From the first line below to the last, reproduce the material exactly and leave out the images.
:: PROVIDED DATA ::
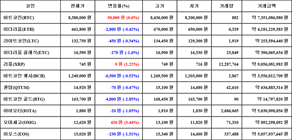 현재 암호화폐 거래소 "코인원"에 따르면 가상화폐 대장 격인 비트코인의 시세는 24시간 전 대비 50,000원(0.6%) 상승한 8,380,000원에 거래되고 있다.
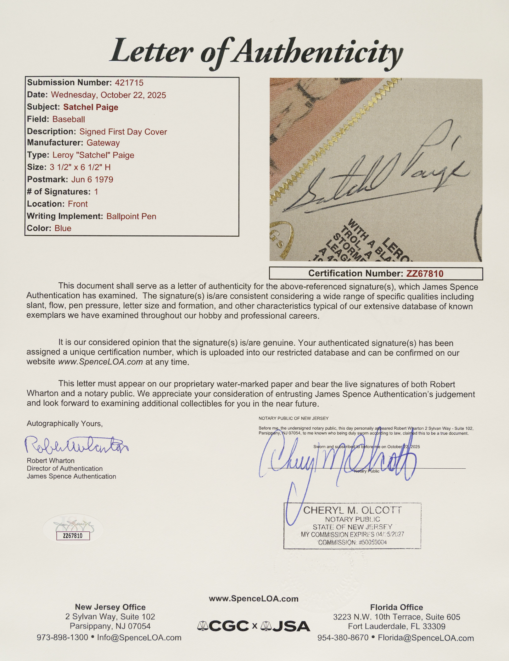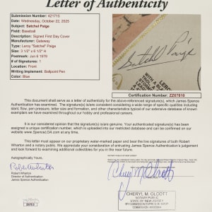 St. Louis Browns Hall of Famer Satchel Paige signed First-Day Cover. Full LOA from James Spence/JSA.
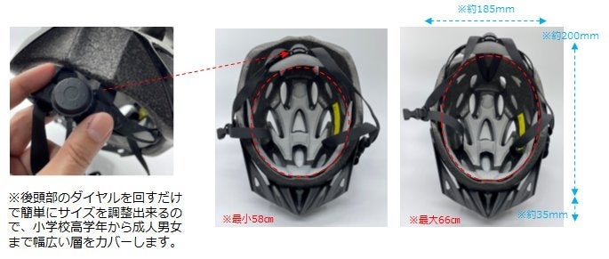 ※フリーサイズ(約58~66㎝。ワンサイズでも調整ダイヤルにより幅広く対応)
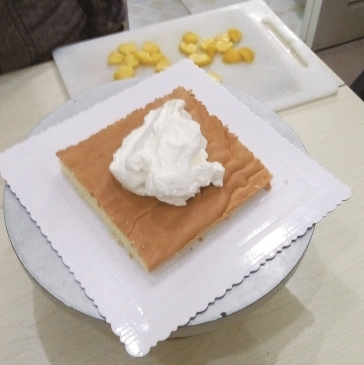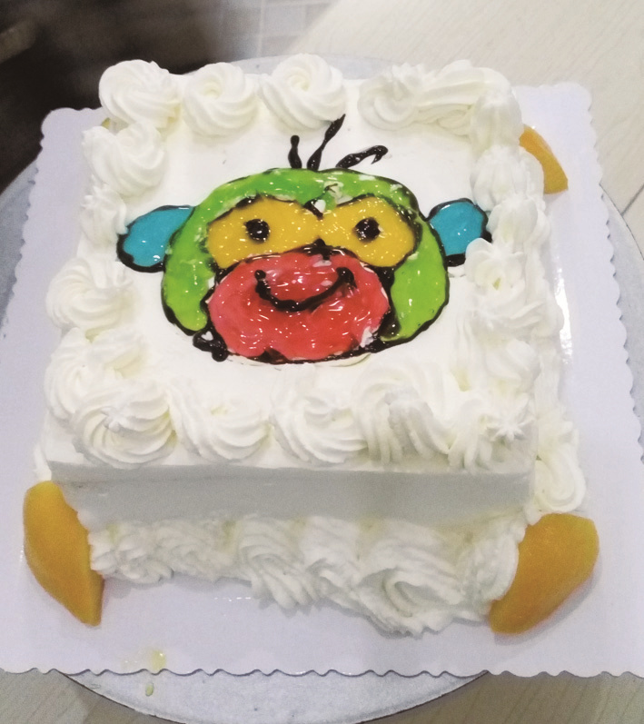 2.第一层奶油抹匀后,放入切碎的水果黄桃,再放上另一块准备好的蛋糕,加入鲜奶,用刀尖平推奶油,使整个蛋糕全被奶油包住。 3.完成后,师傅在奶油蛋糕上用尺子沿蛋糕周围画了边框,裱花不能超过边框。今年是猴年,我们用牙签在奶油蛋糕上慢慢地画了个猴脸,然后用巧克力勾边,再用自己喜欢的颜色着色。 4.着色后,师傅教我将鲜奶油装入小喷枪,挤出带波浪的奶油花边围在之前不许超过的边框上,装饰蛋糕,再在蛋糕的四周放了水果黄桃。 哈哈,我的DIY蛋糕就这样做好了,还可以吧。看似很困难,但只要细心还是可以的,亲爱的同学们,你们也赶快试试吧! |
:::
## RESPONSE BELOW
 현재 암호화폐 거래소 "코인원"에 따르면 가상화폐 대장 격인 비트코인의 시세는 24시간 전 대비 50,000원(0.6%) 상승한 8,380,000원에 거래되고 있다.
 St. Louis Browns Hall of Famer Satchel Paige signed First-Day Cover. Full LOA from James Spence/JSA.
 ※フリーサイズ(約58~66㎝。ワンサイズでも調整ダイヤルにより幅広く対応)
 2.第一层奶油抹匀后,放入切碎的水果黄桃,再放上另一块准备好的蛋糕,加入鲜奶,用刀尖平推奶油,使整个蛋糕全被奶油包住。 3.完成后,师傅在奶油蛋糕上用尺子沿蛋糕周围画了边框,裱花不能超过边框。今年是猴年,我们用牙签在奶油蛋糕上慢慢地画了个猴脸,然后用巧克力勾边,再用自己喜欢的颜色着色。 4.着色后,师傅教我将鲜奶油装入小喷枪,挤出带波浪的奶油花边围在之前不许超过的边框上,装饰蛋糕,再在蛋糕的四周放了水果黄桃。 哈哈,我的DIY蛋糕就这样做好了,还可以吧。看似很困难,但只要细心还是可以的,亲爱的同学们,你们也赶快试试吧! |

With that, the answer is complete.